Legendary Comics

Writer: Marc Guggenheim  |  Artist: Freddie Williams II

Colorist: Christopher Sotomayor  |  Letterer: Patrick Brosseau

Jonas Quantum is the most intelligent hero on the planet, and he isn’t shy about coming across as such. This is someone who cured death during a stretch of insomnia. If I am having a stretch where I don’t eat everything in the freezer during a sleepless night that makes my week, and this guy is able to prevent death. Yeah, there is a wide gap between the two of us to say the least.

The initial introduction to Jonas, along with his partner Eve, does away with the typical slow burn of most origin stories. You get a page of Jonas as a baby, which is worth it alone for the hilariously annoyed facial expression (via Freddie Williams II) on Jonas’s face right after he comes out of the womb. After that, Marc Guggenheim wastes no time getting into the action, and the book keeps up that brisk pace throughout. It fills in the gaps when it needs to, however, so you still get substantial back story through small flashback snippets. These are sometimes no more than a single panel, but the point gets across, and then we move forward with the current plot. As I said in our interview, it really feels structured more like a TV show, which makes the story incredibly easy to follow. This is a huge plus, as the constant time jumping could be impossibly confusing if the structure weren't handled well. 

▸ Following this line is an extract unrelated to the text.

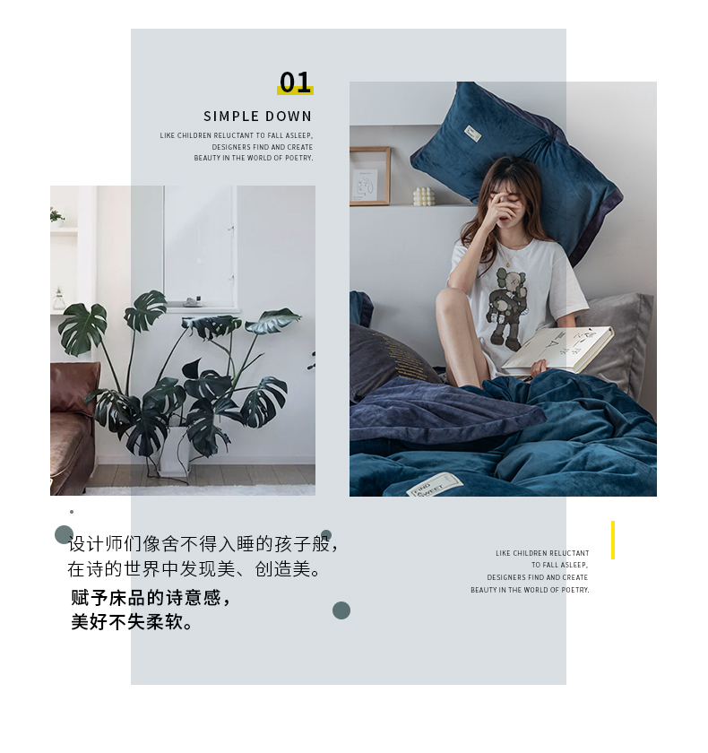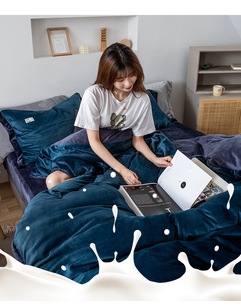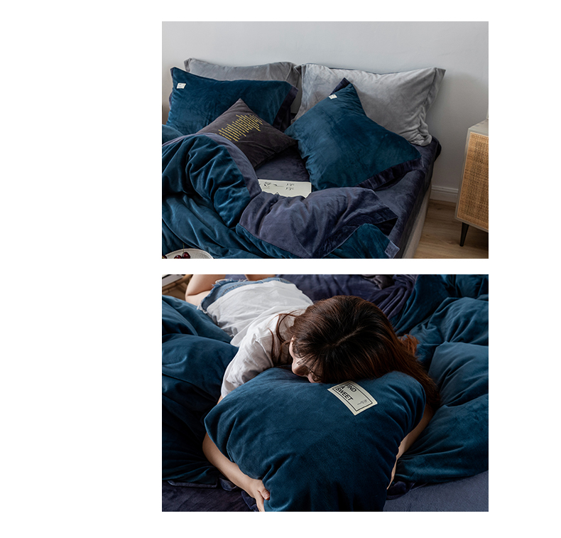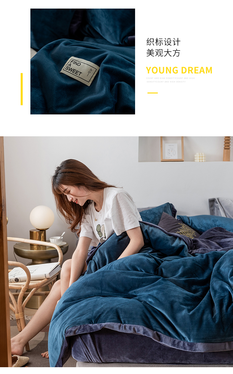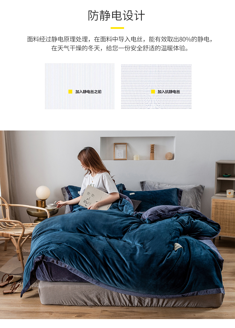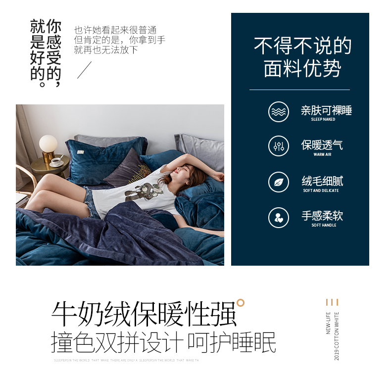 商品名称:润缦 2019新款牛奶绒终版四件套 海蓝深灰

Jonas's relationship with Eve is another highlight of the book. Eve doesn’t take any of Jonas’s guff and is able to hold wits with him throughout the book. He’s a genius to be sure, but Eve is just as essential. Jonas is always ready to offer way more facts and history than is necessary at any given time, and it takes a character like Eve to balance that out and tell him when to shove it. These type of characters can easily become out and out jerks, so having a yin to his yang is incredibly important to keep him likable, and Eve serves that role well.

I would be remiss to not mention the incredible art by Freddie Williams II and Christopher Sotomayor. They bring all of the action and science fiction elements to life, with potent hues of color at every turn, and imaginative costume and location designs to match. I enjoyed it immensely for its unapologetic use of color, with very little grittiness or urban realism to be found. It actually makes the times they are in more standard or realistic locations (such as a pawn shop or smack in the middle of the city) stick out more when not everything is painted with the same brush.

If you are not a fan of classic comics or science fiction, then you will probably not dig this book. Nor will you if you like all of your backstory upfront or presented in a non flashback fashion. Personally while the story is interesting, it isn’t the biggest hook for me. That hook is the amusing banter between Jonas and Eve, and ultimately that is why I loved it so much. As long as that doesn’t go anywhere, count me in.

The Infinite Adventures of Jonas Quantum #1 is out on stands now.